Because the United States government is not doing enough to see that there is nobody to cut tobacco and wash dishes and court little chubby mountain girls and have pretty babies by them with last names that sound like shortstops, because we find offensive the idea of poor people working real hard for us at low wages to send back to their hungry children in what is left of their native lands, because of all that we need a new law, and we need it soon.

Tea Party to the rescue!

The Republican legislative agenda was passed in the Kentucky Senate after a few minutes of thoughtful debate. It guarantees the right of each Kentuckian to keep and add to their present 37 guns each, and establishes the right to hunt on your property. It establishes that any one of your neighbors has the absolute right to destroy the landscape of your community and pollute or take the water source for your land. Right up there with the right to jury trial, or habeas corpus, will be the right to strip mine.

Lord, plant our feet on lower ground.

Locking up all dark-skinned people without papers will kill farming and Chinese restaurants. Agriculture Commissioner Richie Farmer may have been too busy to notice, but there are still farms out there, and there are times when they need help and they need it cheap. And they need somebody who will work hard in the hottest weather, and either don't complain much, or if they do, you can't understand them anyway.

If Kentucky takes over immigration, the negative effect of arresting illegals will be more than offset by the positive effect of keeping all those new prisons full. As legislators see the folly of their past ways of criminal justice and maybe decide to spend some state money on something other than jails, we have to find prisoners somewhere. We don't want them sending terrorists in here to jail.

Some say the whole idea comes from prison corporations, but that would be cynical. But empty prisons are embarrassing to lawmakers who have been generously provided by the prison business, now a signature industry in Kentucky.

Prisons are soothing to a community, and people who work in prisons get a little weird and that adds color to a town.

The new bill also addresses the question of whether, if you have a kid whose middle name is Junior and he has a kid and names it after himself, is it Junior Junior or the Second?

Gov.
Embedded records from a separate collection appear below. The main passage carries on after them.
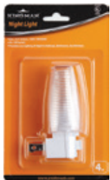
Night Light Count: 1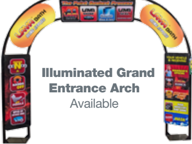
Illuminated Grand Entrance Arch Available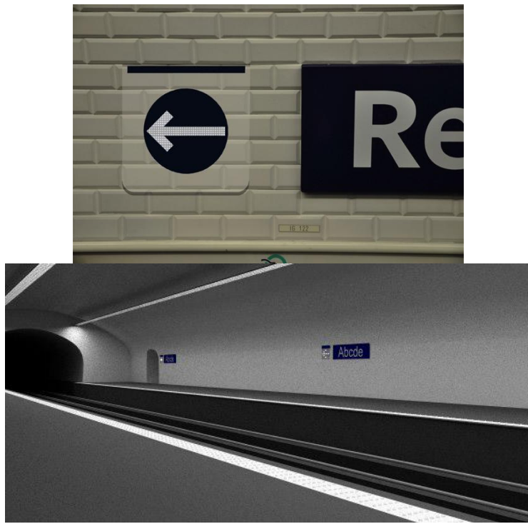
Fig. 4 New signs and displays indicating the name of the station.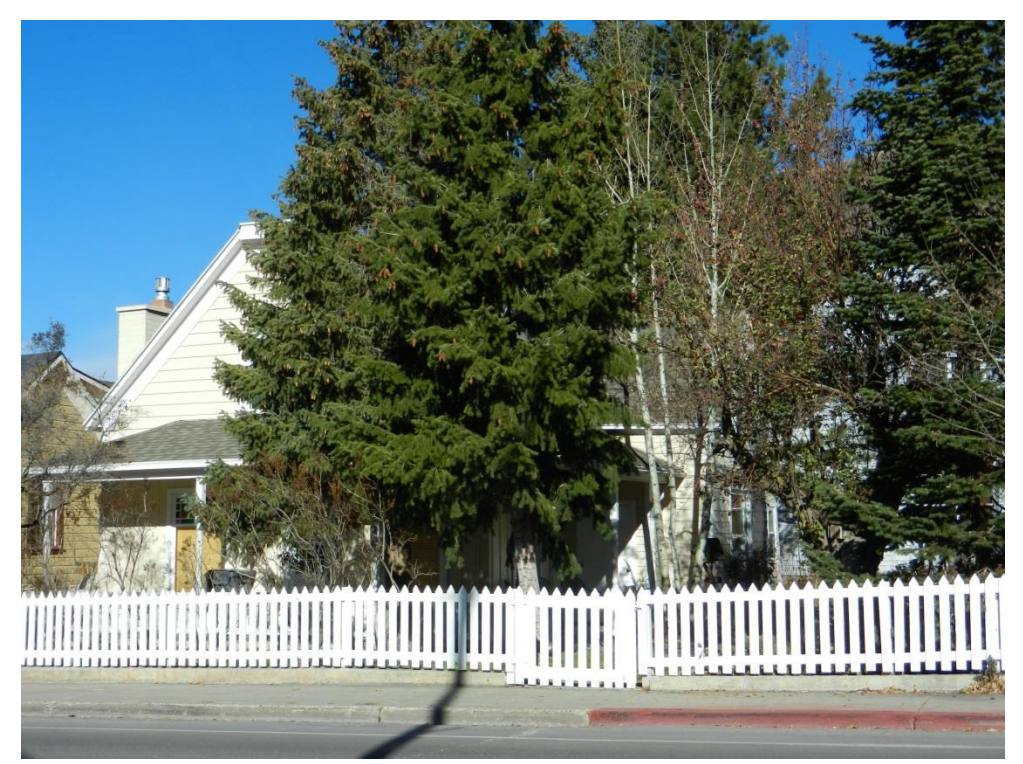
1274 Park Avenue. Southwest oblique. November 2013.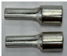
Fig 4.1 Pin type of terminal lugs provided for termination of stranded wiring to be connected to the DC input terminals.

The DC output terminals have a tubular hole with a set screw (See Section 4.6.1 above for specifications). As the DC terminals have been provided with a set screw, do not connect bare stranded wire end directly to the DC output terminal as the strands will spread out when the set screw is tightened and all the strands may not be pinched firmly under the set screw. This will result in (i) reduction in effective area of cross section for current conduction leading to increased voltage drop and overheating along output wiring and (ii) Sparking / loose connection under the set screw leading to overheating / melting of the plastic material of the terminals. The ends of stranded wiring to be connected to the DC output terminals should be crimped to Pin Type of Terminal Lugs that have been provided with the unit (see Fig 4.1). After crimping the Terminal Lugs, use insulating heat shrink tubing or tape to insulate the bare cylindrical portion of the lugs.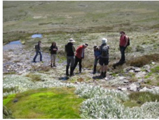
Alpine pavement morphology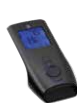
Remote Control (included)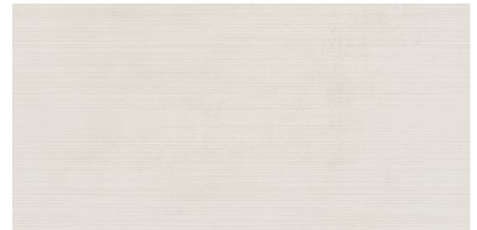
Mosaic Available in all colours 300x300x9mm Matt R9

Ernie Fletcher addressed this problem in his term but never could get consensus, leaving hundreds of mountain people with an incorrect number of sticks after their name.

Meanwhile, we can only hope and pray certain people are among those 40 politicians with secret bank accounts WikiLeaks plans to out.

In the future, politicians will go back to burying money in coffee cans, like they ought to.

Larry Webster is a Pikeville attorney.